Culture

Québec, ville du rock, Québec ville du hip-hop

Il aurait fallu être de très mauvaise foi ou de fort mauvaise humeur pour ne pas passer au moins une soirée mémorable au Festival d’été de Québec durant le week-end qui vient de s’achever.

En trois petits grands jours, les festivaliers ont pu brandir leur W avec les gars du Wu-Tang Clan, revisiter le rock bluesé des Black Keys, se faire contaminer par la folle énergie de -M- et se délecter de la moustache de Jesse Hughes, des Eagles of Death Metal. Et ça, c’est seulement une partie des spectacles auxquels on a pu assister sur la gigantesque scène principale, sise sur les Plaines.

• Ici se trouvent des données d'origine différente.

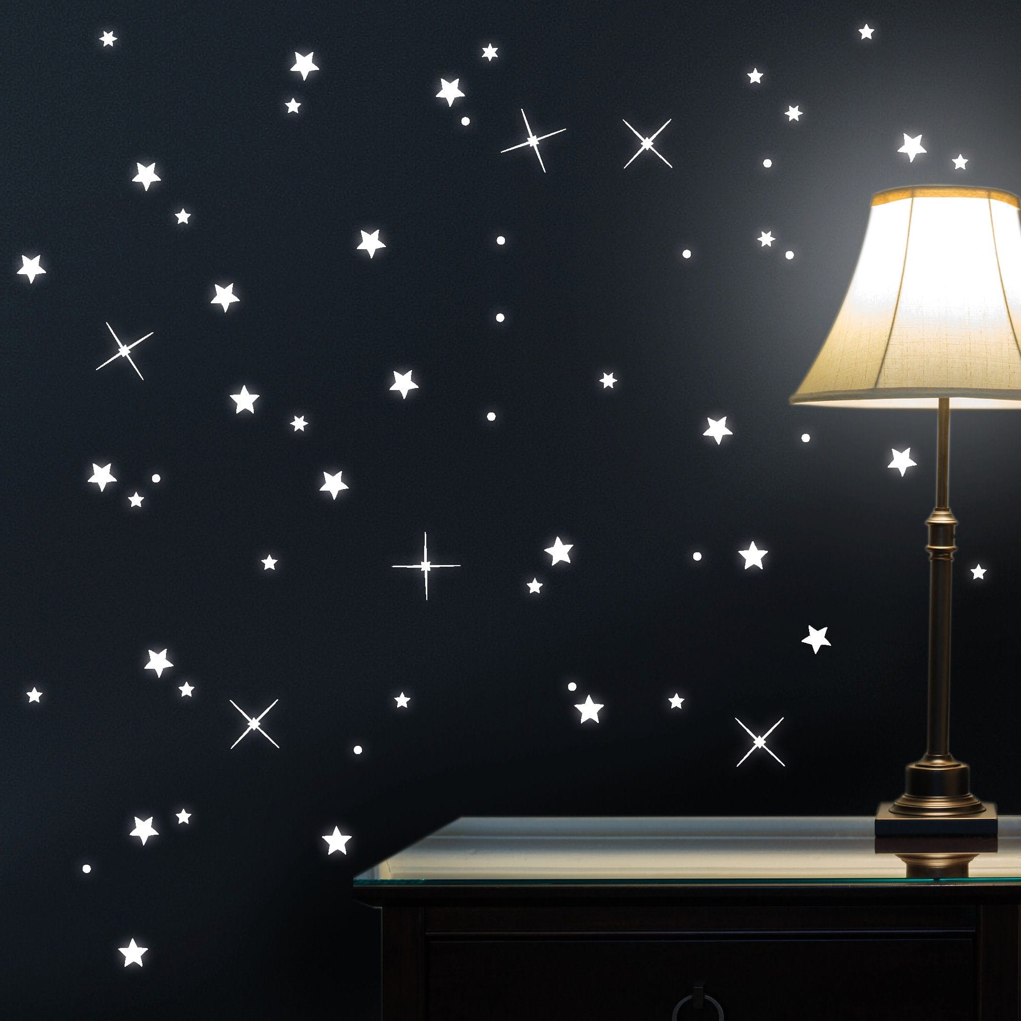 Leuchtaufkleber Sterne 60 Stück leuchtend fluoreszierend Dekoration Sternenhimmel Wandtattoo Kinderzimmer
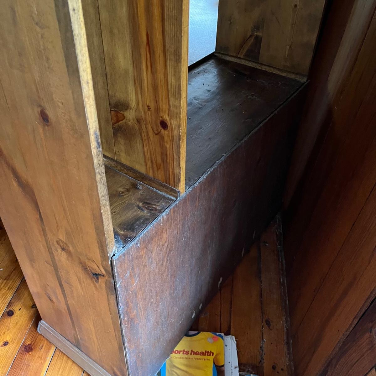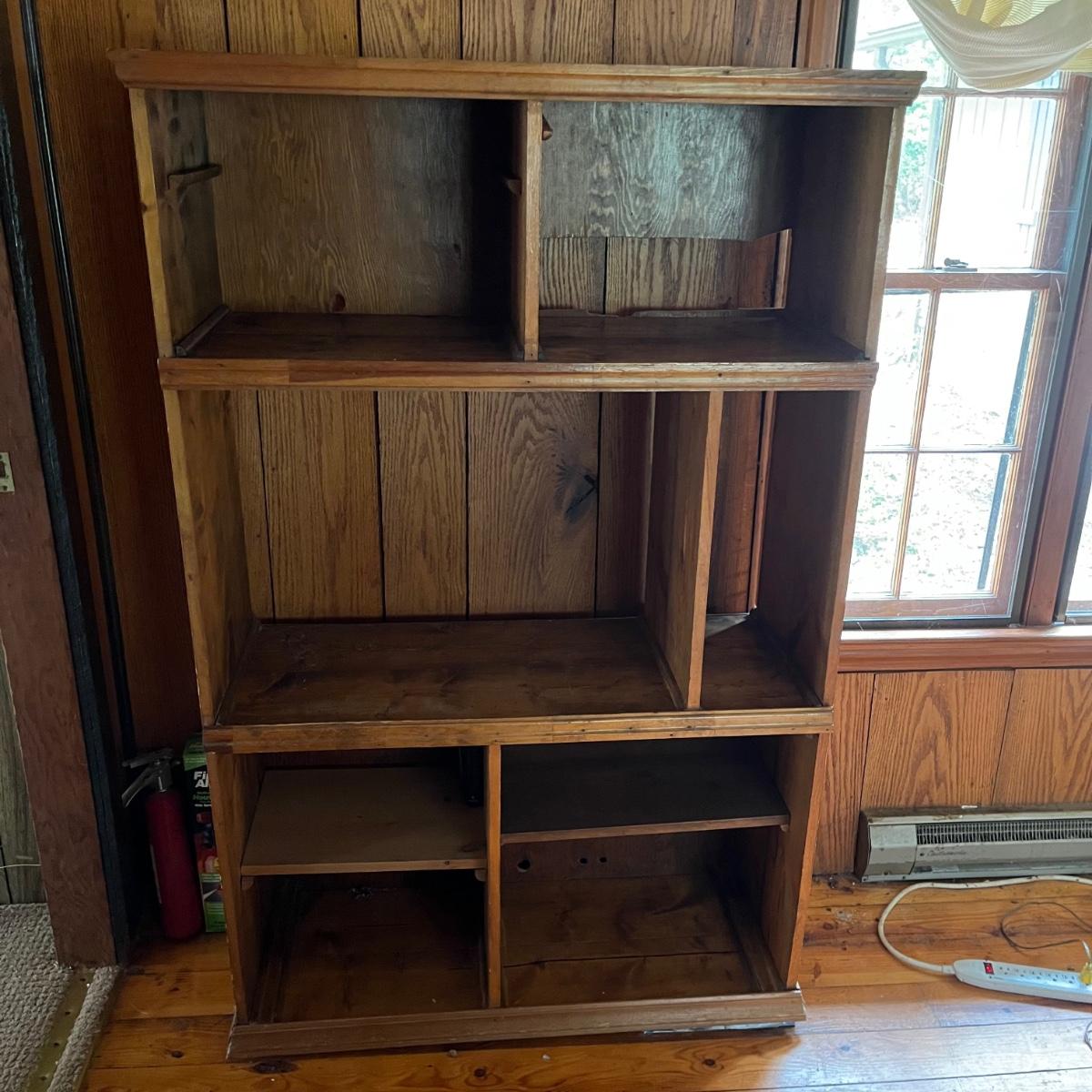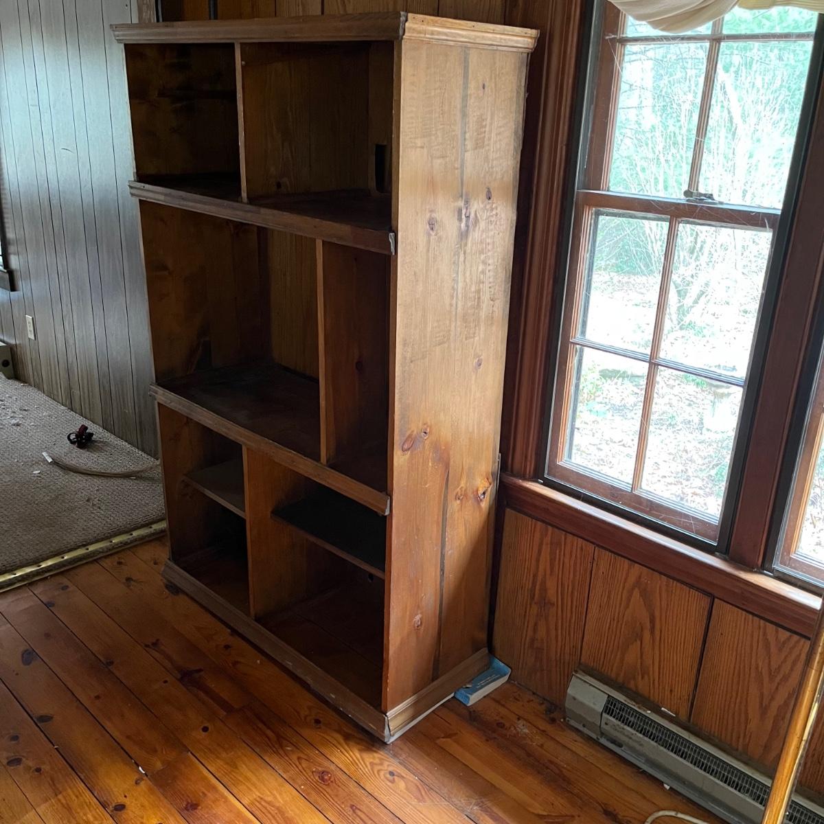This wooden bookcase appears to be mostly solid wood and measures 15” x 39” x 61”. The back is open in parts, see pictures. Bring help item is substantial.

Dimanche, par exemple, c’est le rock de Caféïne qui a lancé la soirée. Vêtu d’un veston noir, d’un pantalon noir et d’un t-shirt noir à l’effigie de La mort pop club, de We Are Wolves, Xavier a servi quelques tubes du passé, dont La fin du monde («Je la verrai à la… télévision!»), scandée en semi-chœur avec la foule. Une foule qui s’est sensiblement réveillée après que l’homme en noir lui a lancé : «Allez! Vous êtes meilleurs que ça d’habitude, Québec!»

Entouré de ses musiciens, le chanteur à l’âme punk a également servi quelques récents morceaux new wave de New Love, son dernier album, dont L’orpheline et Love Disease, qui, transposés sur scène, sonnaient très, très bien. «Celle qui s’en vient est vraiment chienne!» nous a-t-il néanmoins prévenus avant d’interpréter I Love You, cette chanson dans laquelle un type envoie… promener sa douce. «Il faut prendre ça avec un grain de sel! Je suis féministe, moi, dans la vie!» a assuré le rockeur avant de conclure avec Gisèle.

Tout de suite après, la magie signée -M- a opéré. Avec ses lunettes en miroir qui se sont soudainement illuminées, son veston à paillettes et son grand sourire, Matthieu Chedid a mis le public dans sa poche. Pour paraphraser le principal intéressé, c’était «un kiff! Un grand kiff! Un trip total!»

Très rigolo, dans son monde, le flamboyant artiste s’est notamment félicité d’avoir «trouvé plein d’enfants magnifiques!» pour danser avec lui sur Nostalgic du cool. Il nous a lancé des bisous après Le complexe du Corn Flakes, a joué de la guit avec ses dents (hein?) et a fait faire aux spectateurs des gestes «un peu efféminés, qu’il fallait assumer» durant Mama Sam.

Dans une veine rock plus sobre et blues, c’étaient les Black Keys qui étaient aux commandes samedi. Les traits un peu tirés, le teint un peu cireux – normal avec le nombre de concerts qu’ils enchaînent –, le barbu Dan Auerbach a tout de même carburé à plein régime, pigeant, comme il se doit, dans sa collection de guitares au fil des pièces, agrippant parfois sa Dobro, se jetant à genoux… À la batterie, Patrick Carney s’est montré encore plus solide que d’habitude. La liste des morceaux qu’ils ont joués était sensiblement semblable à celle qu’ils ont servie au Centre Bell et à Osheaga l’an dernier, avec les désormais célèbres Howlin’ for You et Next Girl, puis Little Black Submarines, Money Maker, la magique Nova Baby et des plus vieux hits, dont Your Touch.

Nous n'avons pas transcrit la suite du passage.